**WORK REQUEST:**
Your output should be the lines below from the one holding "FLOWER Krystall Ring, Justerbar, Rosa" through the one holding "2024 새로운 가을과", transcribed exactly, with no pictures.

**THE DATA:**
*** Begin section ***

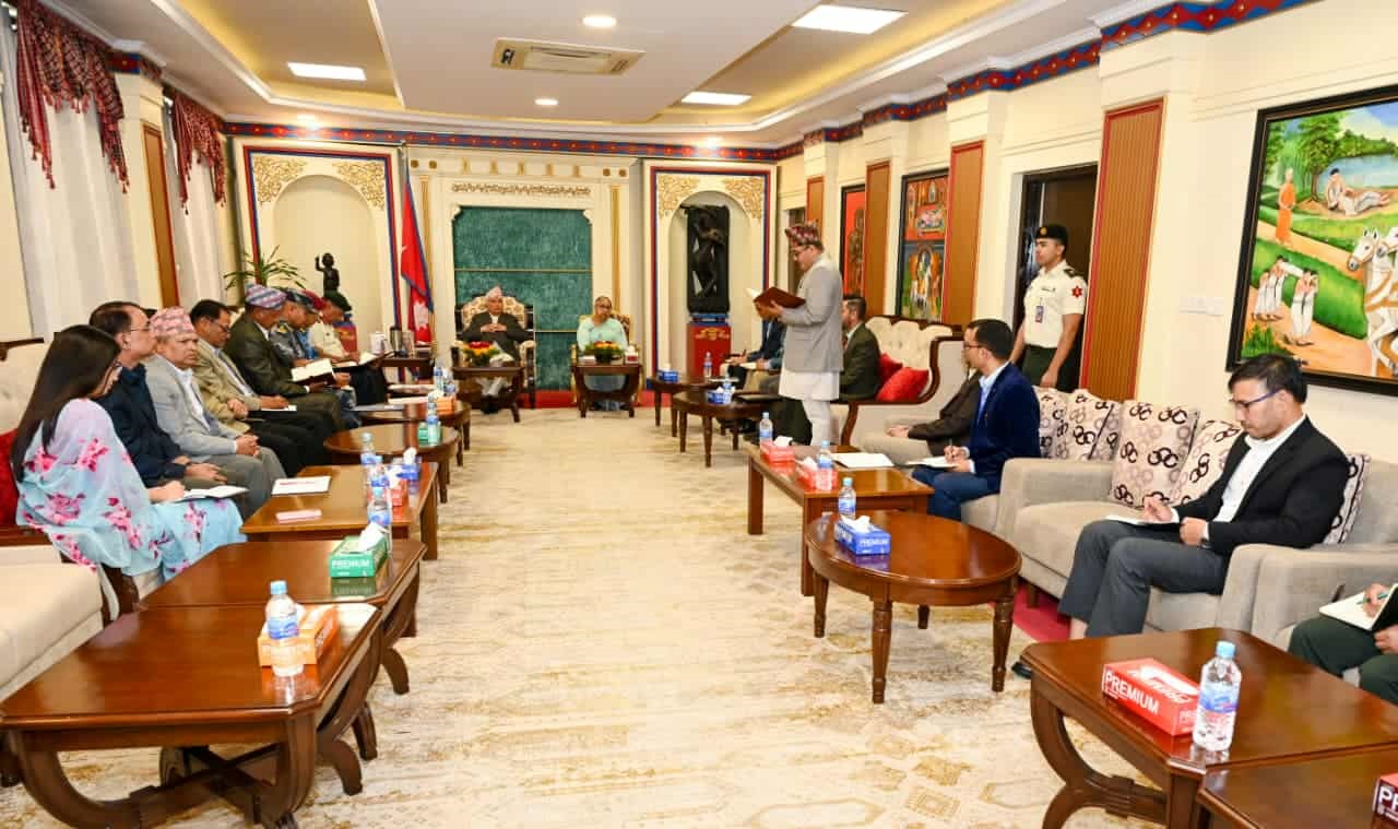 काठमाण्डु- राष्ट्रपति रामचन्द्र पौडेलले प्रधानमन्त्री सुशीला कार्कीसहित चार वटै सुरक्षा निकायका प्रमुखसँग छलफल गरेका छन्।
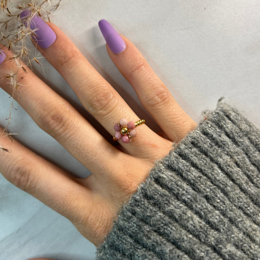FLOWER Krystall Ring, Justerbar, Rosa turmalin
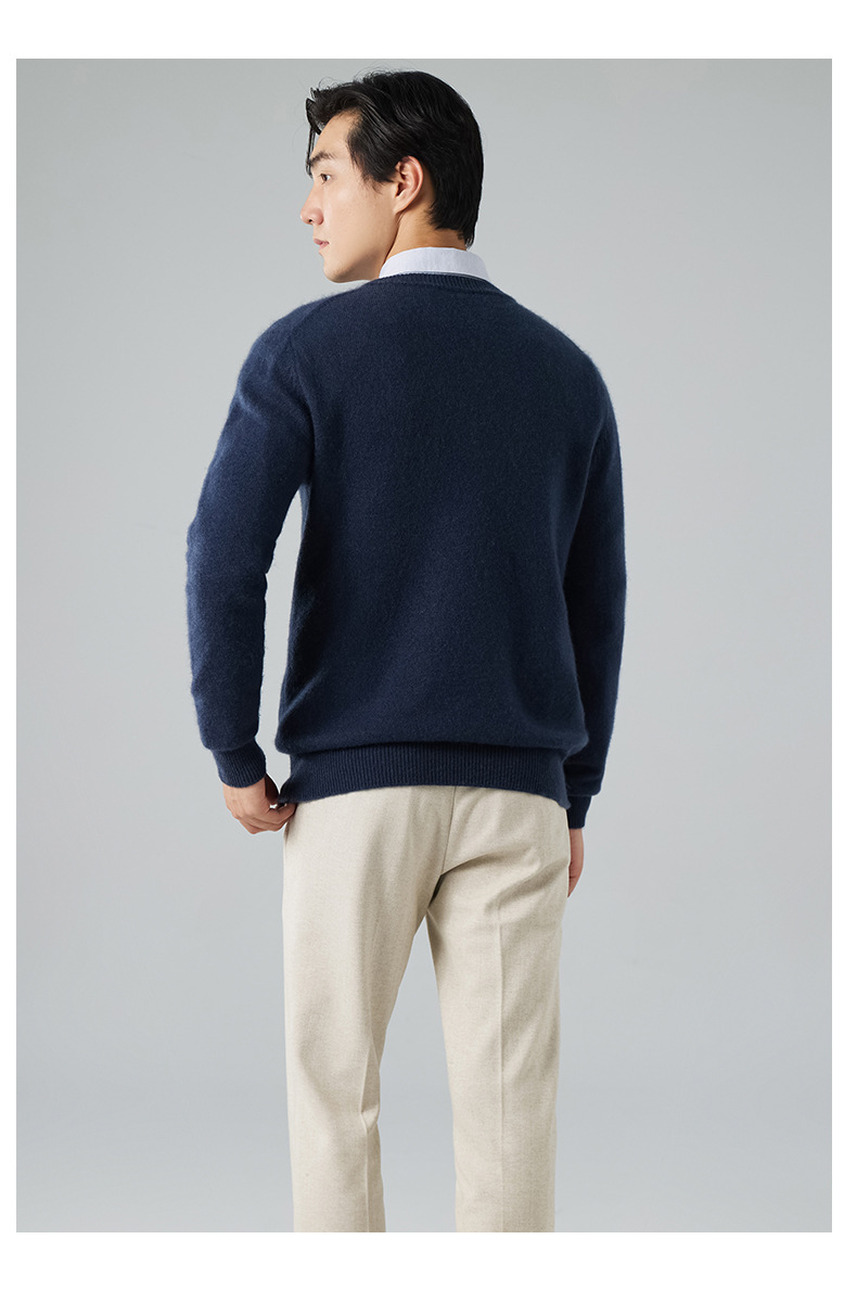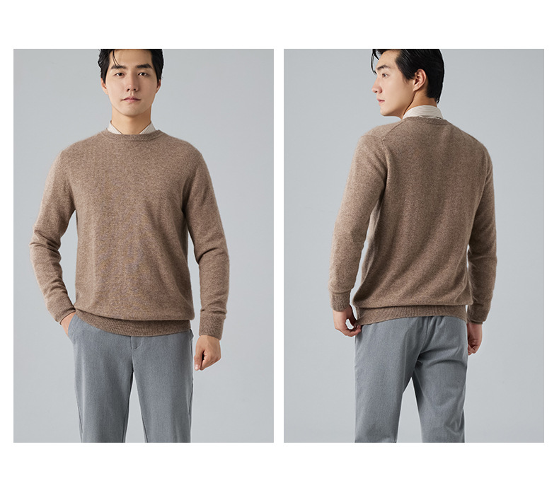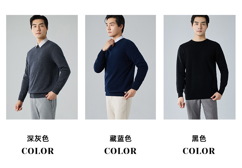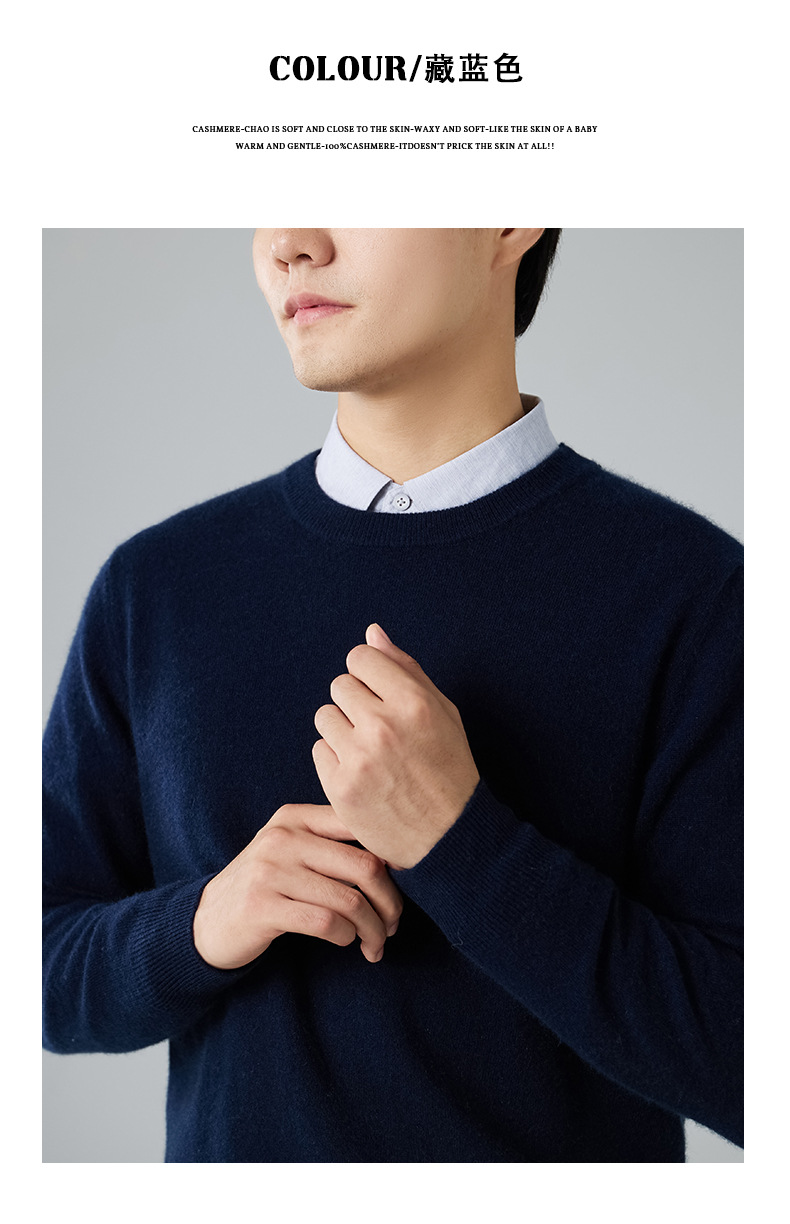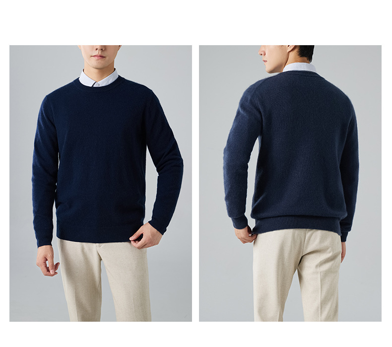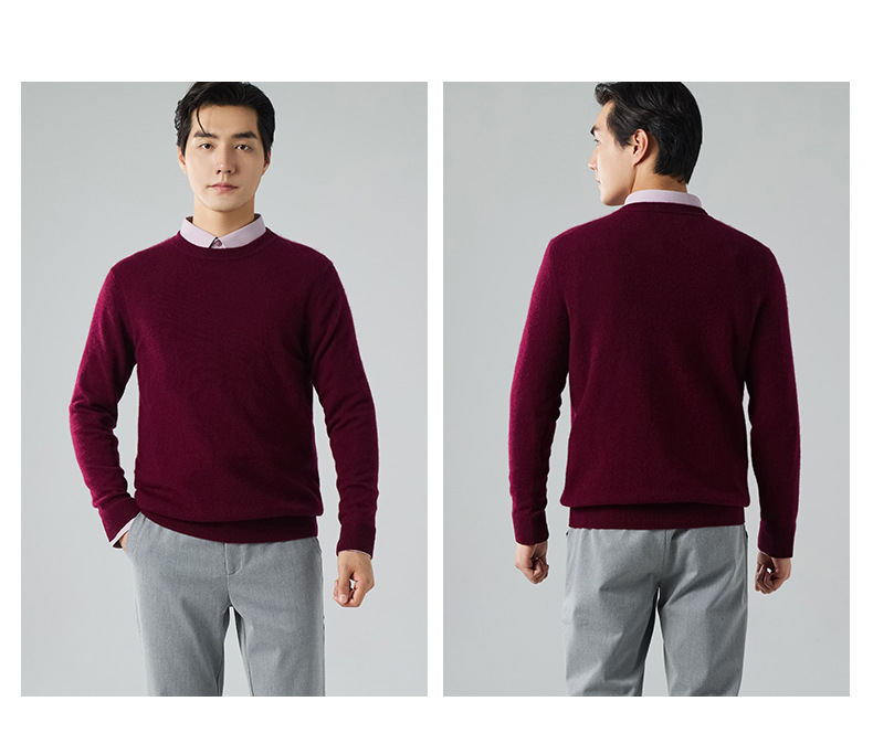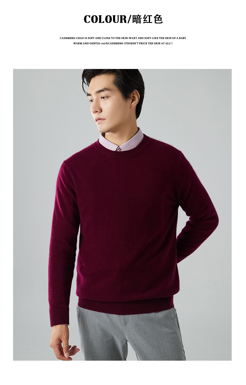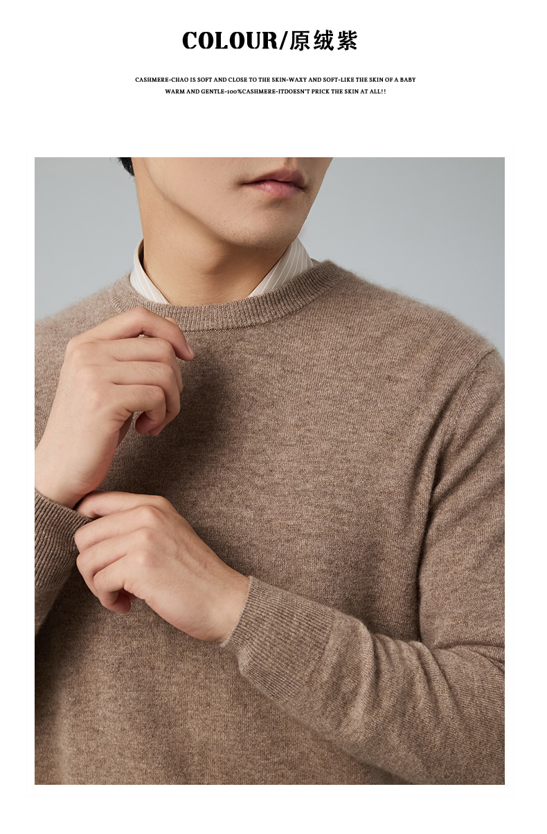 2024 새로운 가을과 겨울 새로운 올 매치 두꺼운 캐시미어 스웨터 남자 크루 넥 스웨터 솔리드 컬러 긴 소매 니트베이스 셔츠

*** End section ***
*** Begin section ***

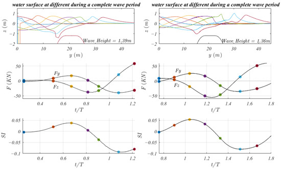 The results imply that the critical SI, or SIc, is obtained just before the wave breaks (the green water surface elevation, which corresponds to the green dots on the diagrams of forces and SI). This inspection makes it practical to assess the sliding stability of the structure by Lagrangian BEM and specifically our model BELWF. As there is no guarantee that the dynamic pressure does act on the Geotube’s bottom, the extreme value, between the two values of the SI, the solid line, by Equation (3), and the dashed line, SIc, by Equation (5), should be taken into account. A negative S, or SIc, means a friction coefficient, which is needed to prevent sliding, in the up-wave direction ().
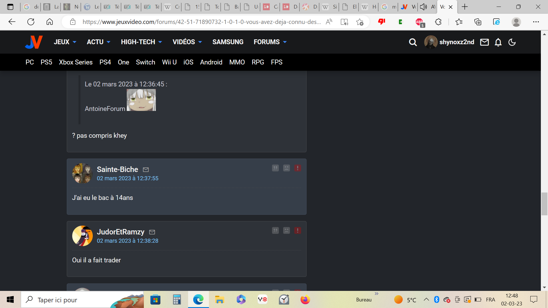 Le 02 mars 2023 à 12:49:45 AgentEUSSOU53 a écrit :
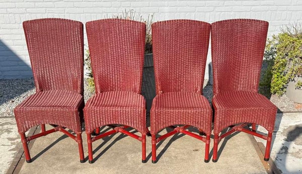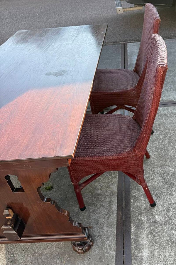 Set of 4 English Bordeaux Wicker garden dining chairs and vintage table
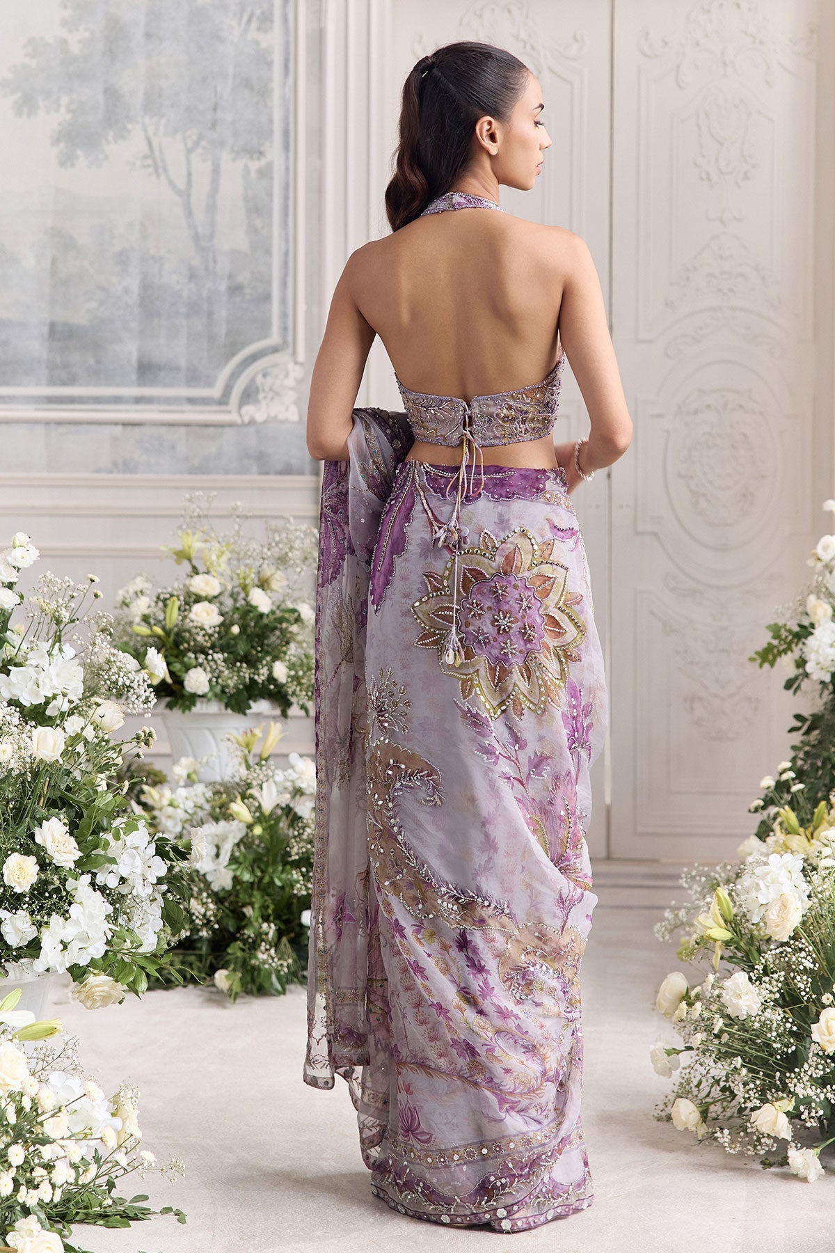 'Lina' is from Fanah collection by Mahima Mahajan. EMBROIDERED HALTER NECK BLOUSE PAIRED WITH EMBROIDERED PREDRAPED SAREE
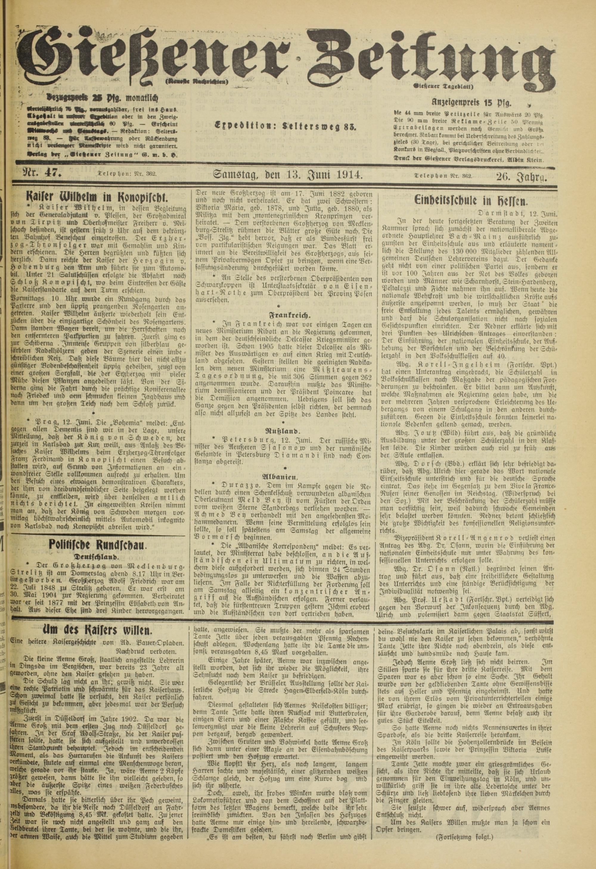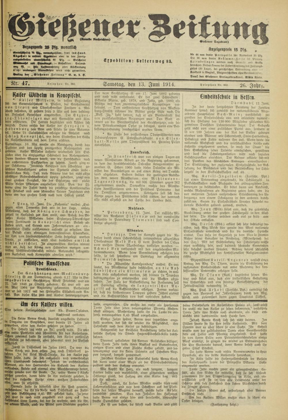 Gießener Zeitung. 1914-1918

*** End section ***

**FINAL ANSWER:**
FLOWER Krystall Ring, Justerbar, Rosa turmalin
 2024 새로운 가을과 겨울 새로운 올 매치 두꺼운 캐시미어 스웨터 남자 크루 넥 스웨터 솔리드 컬러 긴 소매 니트베이스 셔츠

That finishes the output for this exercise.